There is a floor of 20th Century art in the American Wing at the Art Institute of Chicago - and gallery signage indicates that several kinds of Modernism are on display.
They’re not saying that every artist born after 1880 was Modern - but it’s starting to look that way.
Walter Ufer’s painting of Navajo has been carried up from the first floor to the second.
What’s next ? Will Andrew Wyeth be shown in the Modern Wing? Currently he’s not on display at all.
Eventually the museum will have to find a place for the non-confrontational art made after 1950.

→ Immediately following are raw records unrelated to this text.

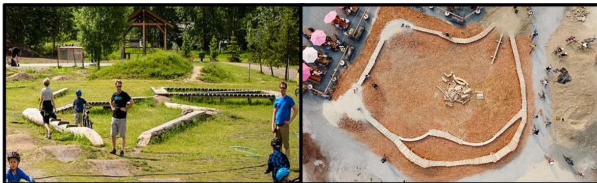
Figure 5 Example skinnies.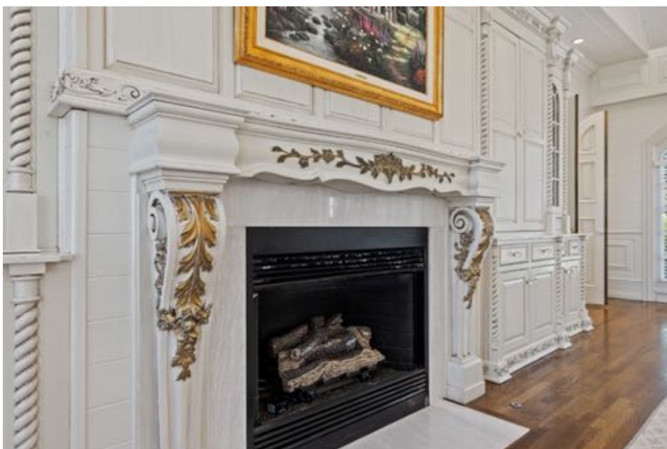
Marble fireplace with opulent mantle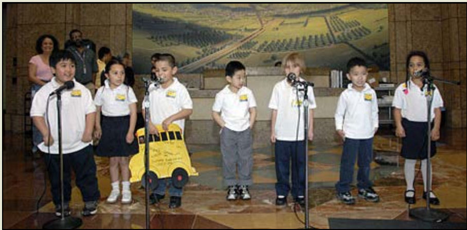
Kindergarten students from the Gateway Child Development Center gave their own rendition of "The Wheels on the Bus."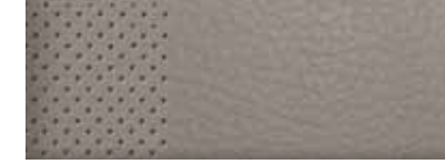
5 Dune Leather with Perforated Inserts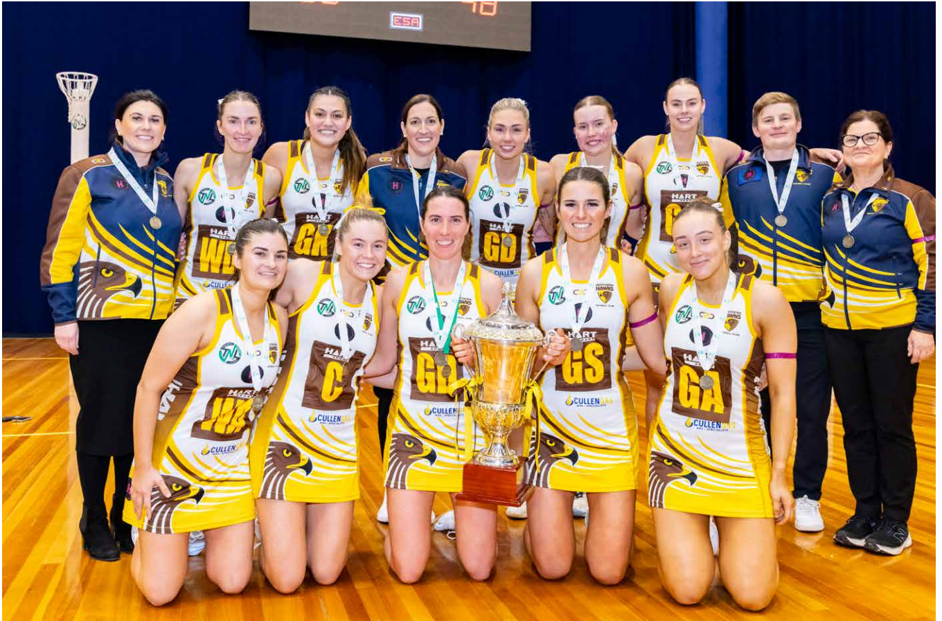
TNL Opens Premiers - HIIT Launceston Northern Hawks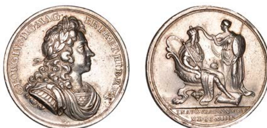
100 George I, Coronation , 1714, a silver medal by J. Croker, laureate bust right, rev. Britannia crowning King, 34mm, 16.06g (MI II, 424/9; E 470). Better than very fine, sometime cleaned £200-£260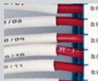
PermaSleeve® Wire Marking Sleeves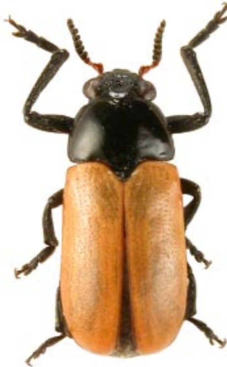
6. Afrophthalma medvedevi : habitus

MEDVEDEV (1993a) published the name Afrophthalma basilevskyi in an identification key to several Afrophthalma species. Several months later (MEDVEDEV 1993b), he presented a full and improved description of the same species with the name Afrophthalma basilewskyi . Thus, A. basilewskyi is proposed here as an objective synonym of A. basilevskyi . Body length of the holotype is 4.80 mm. This measure was erroneously given as 7.00 mm in MEDVEDEV (1993a) and corrected in MEDVEDEV (1993b).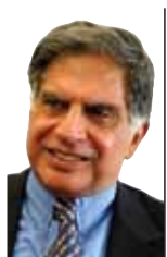
Mr. Ratan N. Tata Chairman Tata Group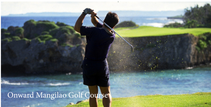
Onward Mangilao Golf Course

Guam has become a tropical destination of choice for travelers from Asia, the United States and even Europe. Despite the rich history of Spanish influence and World War II significance, the attractions lies in adventure for many visitors to our island. With fun and safety at the top of the list, you can find everything from the sky to under the sea to keep your adrenaline running on our island. Explore the activities below to find something that appeases your adventure needs – no matter what your age. Experience paradise – Guam awaits you.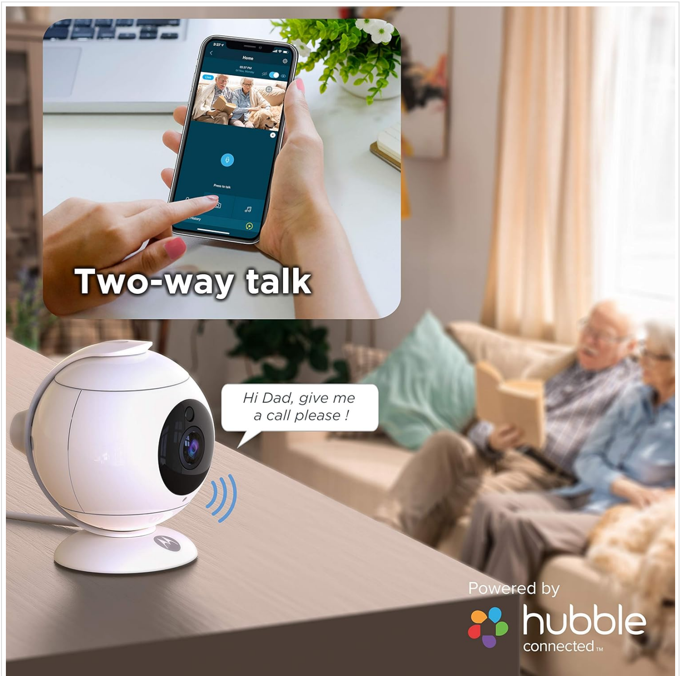
Image: The Motorola FOCUS89-2W camera illustrating its two-way talk function, with a speech bubble indicating communication.

Utilize the two-way talk feature to communicate through the camera. Press and hold the microphone icon in the app to speak, and release to listen.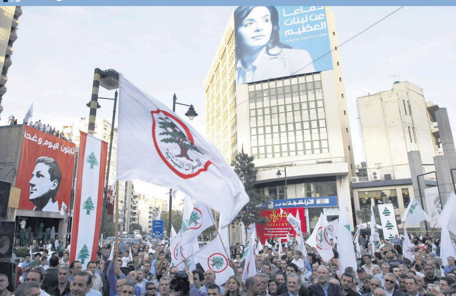
Supporters of the Lebanese Forces and the Kataeb Party, members of the March 14 coalition, at a rally in the Beirut suburb of Ashrafieh.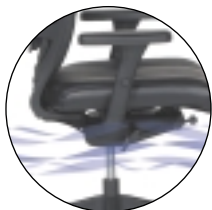
Floating synchro mechanism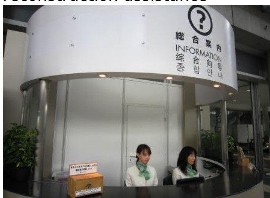
Installation of donation boxes at the Information Counter, etc.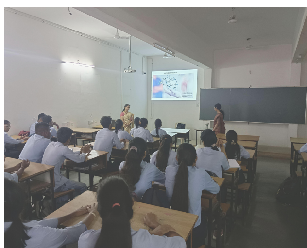
Guest Lecture on “ Polymerization of Construction materials”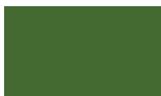
11 1650 Chrome Green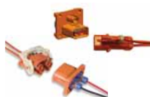
Shielded Connections 0-40 Amps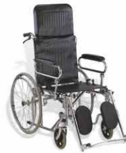
Model No. R-102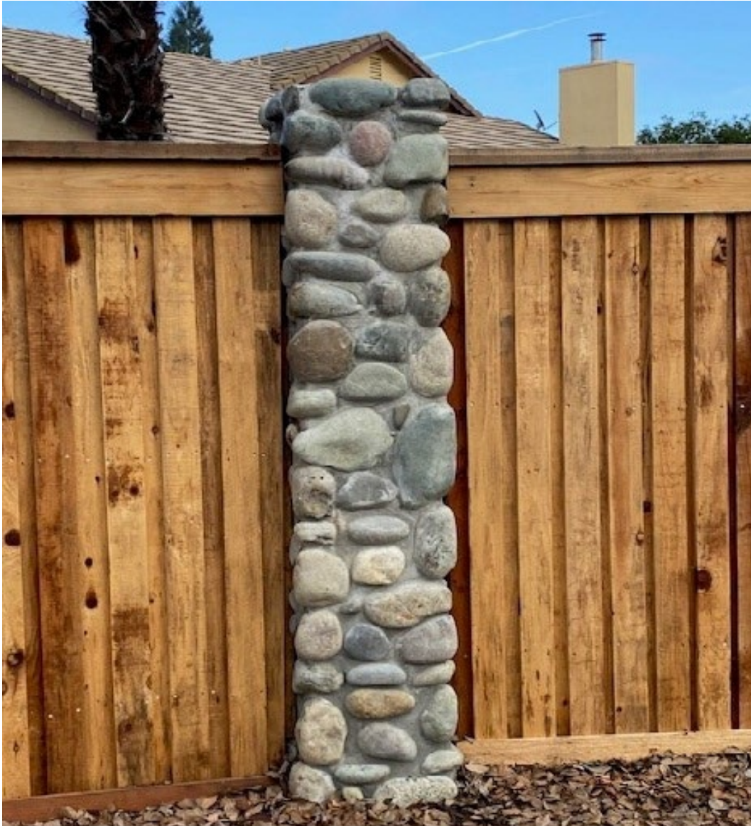
Example of 6 FT River Rock Column

Max Weber, (1881-1861) Construction,1915
Terra collection
Sure feels like the gritty kind of cityscape

This is the most doctrinaire European piece
in this room of American Modernists.
Life is a fierce, grim, desperate struggle.
“Be strong” it says.


Arthur Dove (1880-1946), Swing Music (Louis Armstrong), 1938
Stieglitz Collection
American born, Dove spent two years in Paris,
but I can’t imagine anything further from either cubism
or naturalism.
The painting says “My world is wonderful and full of surprises”
Marsden Hartley
American, 1877-1943 , Provincetown
1916
Oil on composition board , Stieglitz Collection
Sense of place?
More like a sense of quietly being in that place
Cheerful, rollicking, whimsical, ordinary
Balanced. Modest earth tones
At the beach
Rough hewn casual
Pulling inward
Figure - ground
Things coming together
Punctual (the clock face)
This is an episode in the painter’s life.

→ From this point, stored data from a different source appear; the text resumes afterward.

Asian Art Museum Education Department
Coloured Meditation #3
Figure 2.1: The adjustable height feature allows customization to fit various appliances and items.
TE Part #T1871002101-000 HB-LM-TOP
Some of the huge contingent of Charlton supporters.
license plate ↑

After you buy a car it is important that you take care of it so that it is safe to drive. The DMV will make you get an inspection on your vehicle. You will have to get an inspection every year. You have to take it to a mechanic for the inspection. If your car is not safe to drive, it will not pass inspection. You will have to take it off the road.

Escaping from war torn Europe,
he moved to an artsy resort town on the coast and loved it.
Marsden Hartley
American, 1877-1943
Movements
1913
Oil on canvas
Unlike many other American artists, Marsden Hartley was
more drawn to German Expressionism than to Frenchi modernism, and executed this painting in Berlin. Made on the eve of World War I, Movements possesses a turbulent energy that sparks associations with both the vibrancy of modern Berlin and movements of music. Like the Russian Expressionist painter Vasily Kandinsky, Hartley sought to make his work more like music, which he admired for its nonnarrative nature and its potential to be purely spiritual or separate from material reality.
Alfred Stieglitz Collection, 1949.544
Another expression as personal as a journal - this time the excitement of a fast, sensual, urban life.

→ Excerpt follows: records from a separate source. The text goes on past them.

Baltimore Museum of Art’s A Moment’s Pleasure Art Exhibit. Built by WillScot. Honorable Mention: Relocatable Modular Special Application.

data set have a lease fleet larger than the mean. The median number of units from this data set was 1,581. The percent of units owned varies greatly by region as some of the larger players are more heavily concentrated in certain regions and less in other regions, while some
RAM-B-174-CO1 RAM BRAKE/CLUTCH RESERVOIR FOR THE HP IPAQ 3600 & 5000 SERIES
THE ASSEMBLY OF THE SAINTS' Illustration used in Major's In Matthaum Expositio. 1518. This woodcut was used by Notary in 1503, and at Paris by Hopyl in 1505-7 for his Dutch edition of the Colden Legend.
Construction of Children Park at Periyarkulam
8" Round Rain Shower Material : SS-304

No grand ideas seem to be involved - just having a good time.
This is my favorite piece in this post - but there are several other Hartleys on display that are just as vibrant.
Google tells us that the Whitney has the best collection of American modernists - but Chicago is better for both Hartley and O’Keefe.
Ilya Bolotowsky (American, born Saint Petersburg, Russian Empire, 1907–1981)
Study for 1939 New York World’s Fair Mural, Hall of Medical Science Date:
1938–39
A pleasant, orderly collection of shapes with a modernist flavor
is not necessarily a painting
Manierre Dawson
American, 1887–1969
Figure in Pink and Yellow Date:
1914
Casual, self satisfied, mildly whimsical
Like a portrait of Mr Greenjeans (Captain Kangaroo)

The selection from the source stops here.